Wo stehen wir gerade?

Der Bestand an offenen Stellen ist zwar weiterhin hoch, allerdings gehen die monatlichen Zugänge seit geraumer Zeit zurück. Das Einstellungsverhalten der Unternehmen wird zurückhaltender. Die Beschäftigungserwartungen der Unternehmen haben sich zuletzt leicht in den negativen Bereich gedreht. Laut IW-Konjunkturumfrage vom Juni 2023 gehen zum Beispiel 35 % der Industrieunternehmen von einem Beschäftigungsabbau in diesem Jahr aus, nur 23 % von einem Aufbau. Im Frühjahr war dieser Saldo noch positiv: 31 % der Industrieunternehmen erwarteten einen Beschäftigungszuwachs, nur 26 % einen Rückgang.

Zugleich haben die Unternehmen weiterhin große Schwierigkeiten, offene Stellen zu besetzen. Die Fachkräftelücke blieb auch im ersten Quartal 2023 groß; die sogenannte Stellenüberhangquote, die den Anteil an offenen Stellen beschreibt, für die es keine passend qualifizierten Arbeitslosen gibt, zeigt keine Entspannung an (Fachkräftereport 2023). Dies gilt zum Beispiel im besonders starken Maß für Berufe im Bereich der Rohstoffgewinnung, Produktion und Fertigung. Die Vakanzdauer wird immer länger. Mit durchschnittlich 149 Tagen mussten die Unternehmen laut Daten der Bundesagentur für Arbeit (BA) im Juli 2023 zwar nicht mehr ganz so lange auf eine erfolgreiche Besetzung warten wie noch zum Jahreswechsel. Der langfristige Trend zeigt gleichwohl nach oben.

Was ist absehbar?

Kurzfristig sind die Aussichten konjunkturell eingetrübt. Vor dem Hintergrund einer immer deutlicheren Standortschwäche im Verbund mit sichtbaren Spannungen in den internationalen Beziehungen darf verstärkt die Frage gestellt werden, ob und welche Konsequenzen sich für die Beschäftigungsperspektiven in Deutschland durch eine potenzielle Neuordnung von globalen Wertschöpfungsnetzwerken ergeben könnten. Gleichwohl dürfte aus Sicht der Betriebe mittel- und langfristig der hiesige Arbeitsmarkt aber vor allem durch das Zusammenfallen von digitaler Transformation, den Herausforderungen der Dekarbonisierung und dem demografischen Wandel angespannt bleiben.

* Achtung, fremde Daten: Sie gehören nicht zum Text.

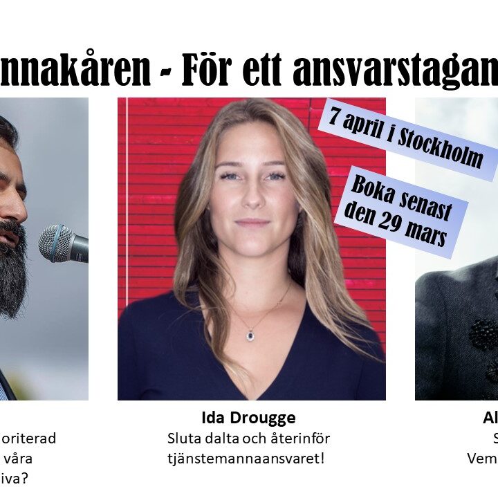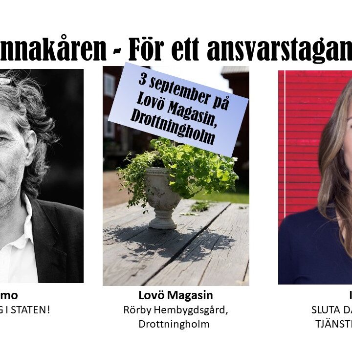 Datum och tid: 3 september kl. 13:00 till 16:45 Plats: Lovö Magasin, Drottningholm ANMÄLAN TILL EVENTET!!! [länk] Oväldig – rättvis, opartisk, omutlig, objektiv, alliansfri, neutral! Tjänstemannakåren bjuder in till en eftermiddag med två av landets mest färgstarka debattörer. Denna duo kommer – vågar vi lova – dela med sig av uppfriskande, kreativa och kraftfulla tankar…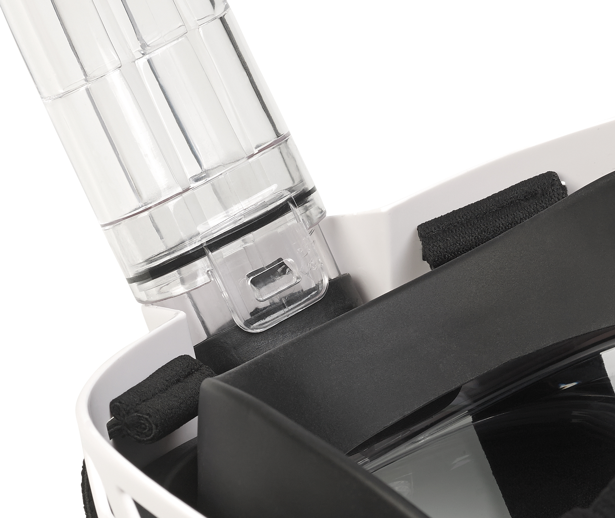 Bequem zu tragen: Der weiche Silikon-Rand der Maske passt sich dem Gesicht an und dichtet es von der Stirn bis zum Kinn ab. Den Riemen verstellt man individuell nach der Kopfgröße. So kommen Augen, Nase und Mund nicht mit dem kühlen Nass in Berührung.
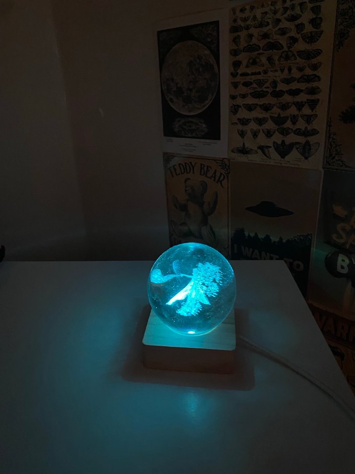 Mavi ışıklı 3D küre masa lambası, içinde parlayan karahindiba tasarımıyla sade bir kare taban üzerinde duruyor. Yumuşak ortam aydınlatması sağlar.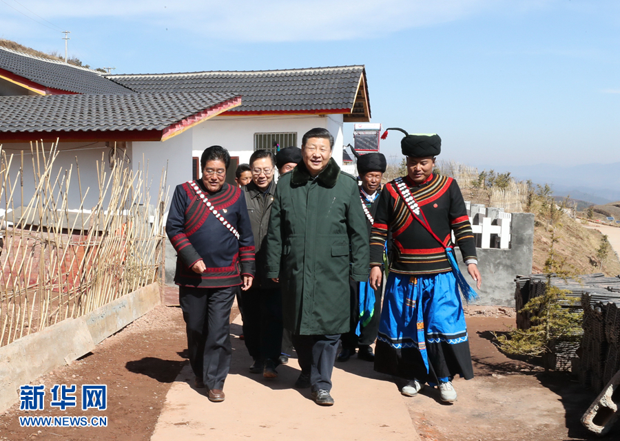 這是2月11日上午,習近平在涼山彝族自治州昭覺縣解放鄉(xiāng)火普村了解易地扶貧搬遷和彝家新寨建設(shè)情況。 新華社記者 鞠鵬 攝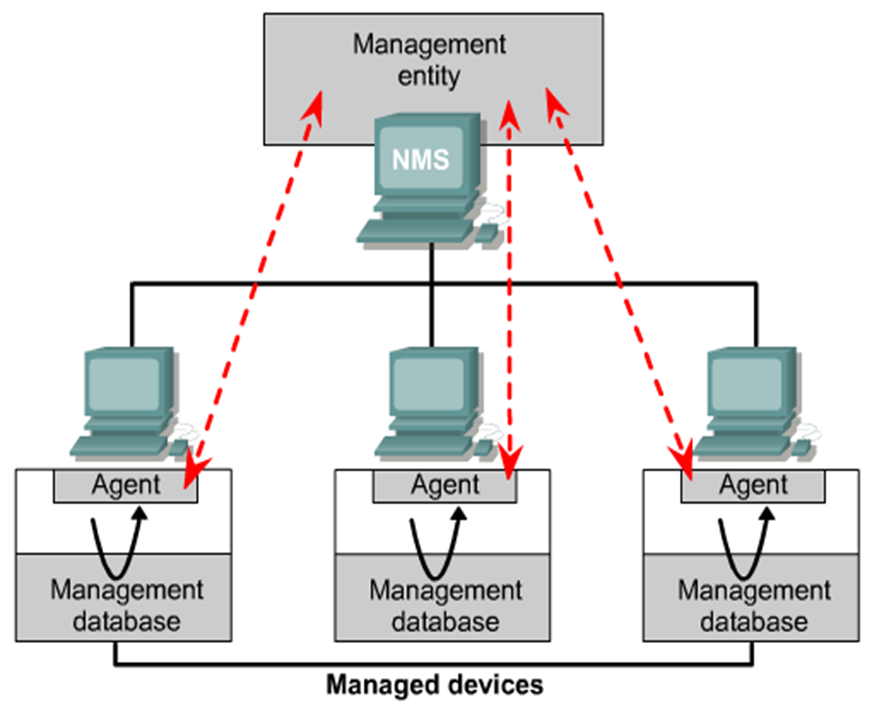 - 通过管理数据库(MIB)进行信息交流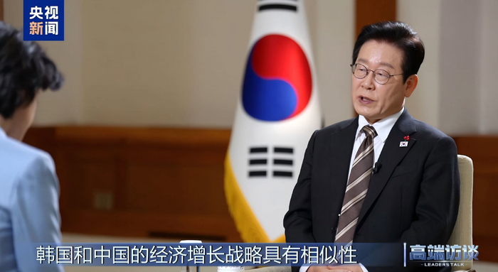 韩国总统李在明接受总台《高端访谈》栏目专访视频截图而在访华前夕接受总台记者专访时,李在明总统表示,韩中之间的经济合作有必要重构水平合作结构、平等协作的关系。他特别提及在人工智能、高新技术产业等领域,打造有利于双方发展的合作型经济关系。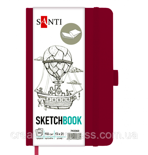 Скетчбук SANTI для графіки, 13х21см, 80 арк., тверда обкладинка PU, 110г/м2, сливовий

Der Weg zu einer Wohlstand sichernden CO2-freien Wirtschaft wird nur über eine zunehmende Digitalisierung gelingen. Diese schreitet zwar voran, aber vielerorts langsamer als erwünscht. Ein zentraler Grund hierfür ist das Fehlen von Fachkräften mit den Kompetenzen, die für die Entwicklung und Implementierung digitaler Technologien sowie für deren effektive und effiziente Nutzung erforderlich sind. Auf mittlere bis lange Sicht werden sich die Fachkräfteengpässe noch verschärfen.

Für eine solche Prognose reicht schon ein Blick auf die Größe der hierzulande lebenden Alterskohorte der 15- bis 24-Jährigen. Sie ist nämlich mit 8,4 Millionen Personen (Stand 2020) um fast 500.000 Menschen kleiner als die Gruppe der heute 55- bis 64-jährigen Erwerbstätigen, die voraussichtlich in der kommenden Dekade nach und nach den Arbeitsmarkt altersbedingt verlassen wird. Das jährliche Neuangebot an MINT-Facharbeitern wird daher zum Beispiel in den kommenden fünf Jahren voraussichtlich nur etwa die Hälfte des Ersatzbedarfs abdecken.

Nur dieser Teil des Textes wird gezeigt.